BEGIN DATA

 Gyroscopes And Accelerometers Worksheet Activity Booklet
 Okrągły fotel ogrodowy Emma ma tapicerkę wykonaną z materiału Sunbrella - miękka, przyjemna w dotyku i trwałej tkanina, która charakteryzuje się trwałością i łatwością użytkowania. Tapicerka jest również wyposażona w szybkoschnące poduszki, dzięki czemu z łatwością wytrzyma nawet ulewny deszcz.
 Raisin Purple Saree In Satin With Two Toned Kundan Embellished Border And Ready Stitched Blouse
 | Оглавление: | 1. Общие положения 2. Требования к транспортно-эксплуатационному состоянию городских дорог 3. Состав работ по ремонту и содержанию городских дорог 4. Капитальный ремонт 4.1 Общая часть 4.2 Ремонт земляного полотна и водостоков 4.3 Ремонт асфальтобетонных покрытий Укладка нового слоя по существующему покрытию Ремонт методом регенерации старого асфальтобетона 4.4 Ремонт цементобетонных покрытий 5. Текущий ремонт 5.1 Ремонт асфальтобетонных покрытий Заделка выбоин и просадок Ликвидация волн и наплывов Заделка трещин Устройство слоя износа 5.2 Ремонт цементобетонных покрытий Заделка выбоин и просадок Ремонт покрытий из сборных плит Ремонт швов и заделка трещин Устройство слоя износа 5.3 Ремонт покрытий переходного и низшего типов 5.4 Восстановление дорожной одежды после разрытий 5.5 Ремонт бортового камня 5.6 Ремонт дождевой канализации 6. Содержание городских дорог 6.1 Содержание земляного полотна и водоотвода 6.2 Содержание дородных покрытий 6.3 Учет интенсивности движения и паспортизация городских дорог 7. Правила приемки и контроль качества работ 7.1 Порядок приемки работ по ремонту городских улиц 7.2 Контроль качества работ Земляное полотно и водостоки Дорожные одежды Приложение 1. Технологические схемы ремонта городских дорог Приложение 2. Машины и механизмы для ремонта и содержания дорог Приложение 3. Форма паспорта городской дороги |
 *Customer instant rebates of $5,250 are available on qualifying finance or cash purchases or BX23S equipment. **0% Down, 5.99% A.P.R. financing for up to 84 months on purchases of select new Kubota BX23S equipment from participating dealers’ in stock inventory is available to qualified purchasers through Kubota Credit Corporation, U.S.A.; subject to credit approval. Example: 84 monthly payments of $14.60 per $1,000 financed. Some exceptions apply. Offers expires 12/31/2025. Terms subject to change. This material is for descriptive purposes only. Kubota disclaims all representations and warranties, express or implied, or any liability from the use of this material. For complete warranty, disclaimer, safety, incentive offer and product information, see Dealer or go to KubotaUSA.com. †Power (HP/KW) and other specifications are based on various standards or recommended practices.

END DATA

■ WHAT YOU NEED TO DO ■
The response should consist of every record above, reproduced exactly.

■ TASK SOLUTION ■
 Gyroscopes And Accelerometers Worksheet Activity Booklet
 Okrągły fotel ogrodowy Emma ma tapicerkę wykonaną z materiału Sunbrella - miękka, przyjemna w dotyku i trwałej tkanina, która charakteryzuje się trwałością i łatwością użytkowania. Tapicerka jest również wyposażona w szybkoschnące poduszki, dzięki czemu z łatwością wytrzyma nawet ulewny deszcz.
 Raisin Purple Saree In Satin With Two Toned Kundan Embellished Border And Ready Stitched Blouse
 | Оглавление: | 1. Общие положения 2. Требования к транспортно-эксплуатационному состоянию городских дорог 3. Состав работ по ремонту и содержанию городских дорог 4. Капитальный ремонт 4.1 Общая часть 4.2 Ремонт земляного полотна и водостоков 4.3 Ремонт асфальтобетонных покрытий Укладка нового слоя по существующему покрытию Ремонт методом регенерации старого асфальтобетона 4.4 Ремонт цементобетонных покрытий 5. Текущий ремонт 5.1 Ремонт асфальтобетонных покрытий Заделка выбоин и просадок Ликвидация волн и наплывов Заделка трещин Устройство слоя износа 5.2 Ремонт цементобетонных покрытий Заделка выбоин и просадок Ремонт покрытий из сборных плит Ремонт швов и заделка трещин Устройство слоя износа 5.3 Ремонт покрытий переходного и низшего типов 5.4 Восстановление дорожной одежды после разрытий 5.5 Ремонт бортового камня 5.6 Ремонт дождевой канализации 6. Содержание городских дорог 6.1 Содержание земляного полотна и водоотвода 6.2 Содержание дородных покрытий 6.3 Учет интенсивности движения и паспортизация городских дорог 7. Правила приемки и контроль качества работ 7.1 Порядок приемки работ по ремонту городских улиц 7.2 Контроль качества работ Земляное полотно и водостоки Дорожные одежды Приложение 1. Технологические схемы ремонта городских дорог Приложение 2. Машины и механизмы для ремонта и содержания дорог Приложение 3. Форма паспорта городской дороги |
 *Customer instant rebates of $5,250 are available on qualifying finance or cash purchases or BX23S equipment. **0% Down, 5.99% A.P.R. financing for up to 84 months on purchases of select new Kubota BX23S equipment from participating dealers’ in stock inventory is available to qualified purchasers through Kubota Credit Corporation, U.S.A.; subject to credit approval. Example: 84 monthly payments of $14.60 per $1,000 financed. Some exceptions apply. Offers expires 12/31/2025. Terms subject to change. This material is for descriptive purposes only. Kubota disclaims all representations and warranties, express or implied, or any liability from the use of this material. For complete warranty, disclaimer, safety, incentive offer and product information, see Dealer or go to KubotaUSA.com. †Power (HP/KW) and other specifications are based on various standards or recommended practices.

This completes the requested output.